Of course he wasn't a colonel. Nothing in Nevada is what it is called. If, to be strictly truthful, a spade may not be known as a shovel, Thompson must be considered a plain, every-day and all-night gambler, the Judge should be described as a sot, a sinful old reprobate, and the Great Consolidated Gold and Silver Mining Company a colossal steal. What a blessing is euphemy!
When Fidelia was a baby a most unusual baby, persistently good-natured and as shapely and glowing as a warm, pink pearl the Colonel had presented her with a necklace whose coral was no more delicate and smooth than the blush of her satiny cheek. This was in the early days, when the Lady Mine, of whose stock he held five hundred shares, had just reached twelve dollars a share. When Fidelia was six, the ardent Colonel's admiration expressed itself in a magnificent wax doll from San Francisco, which place is variously known to Silver Hill people as "the City," "Down below," and "the Bay."
Fidelia's girlhood was strewn with the Colonel's offerings. He celebrated a winning by buying something for his favorite, thus rewarding himself in the morning for a hard night's attention to business.

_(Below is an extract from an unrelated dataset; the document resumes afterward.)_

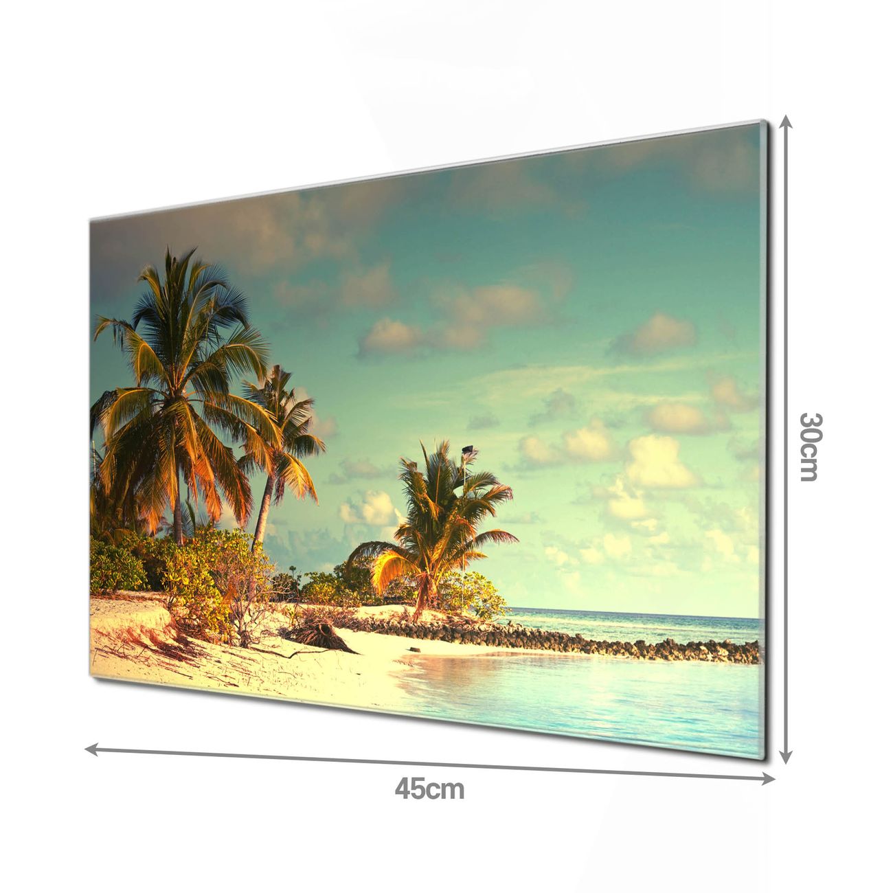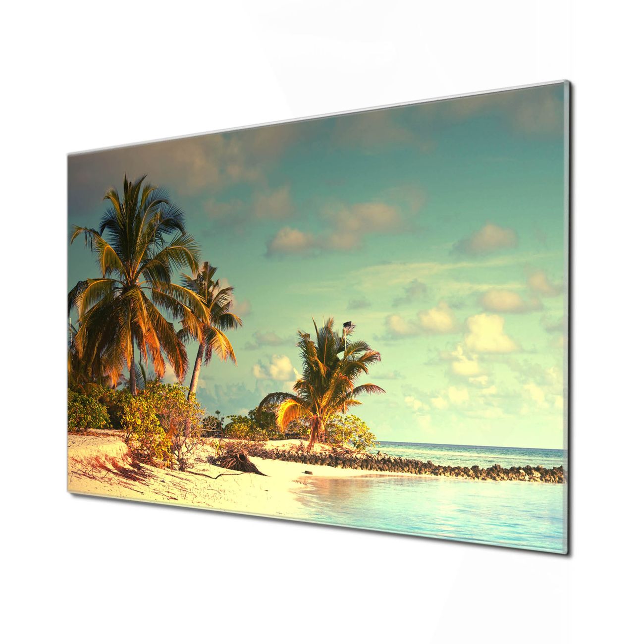 Unsere einzigartigen Glasbilder im Querformat von banjado mit Motiv Einsame Insel sind der absolute Hingucker! Unsere Banjado Glasbilder sind sehr begehrt, weil sie top verarbeitet sind und sich ganz leicht montieren lassen. Schon mit wenigen Handgriffen hängen sie an der Wand und strahlen mit höchster brillianz. Durch die Ramenlose Herstellung schwebt das Echtglasbild förmlich an der Wand. Das Motiv erscheint besonders ausdrucksstark und hochwertig und ist hinter dem Echtglas geschützt.

When Fidelia was sixteen she rode in the Fourth of July procession, embowered in roses imported at great expense from California, for Silver Hill produces nothing but sagebrush and silver upon the shining, brass-trimmed engine, which the fire laddies pull along by means of flower-wreathed ropes through the hot, dusty, narrow streets, under the blue of Nevada's marvelously clear summer sky. Then the dusky loveliness of Fidelia's cheek was burned a ruddier hue, her eyes sent back a smile of pleasure to every eye which looked upon her admiringly. Her round, slender arms and swelling throat were burned and her brown hair was tossed by the wind a coarser Fidelia, a fuller, evanescent bloom, a richer development under the twin suns of men's admiration and the glowing orb on high; a prophecy, perhaps, of what time might make of her.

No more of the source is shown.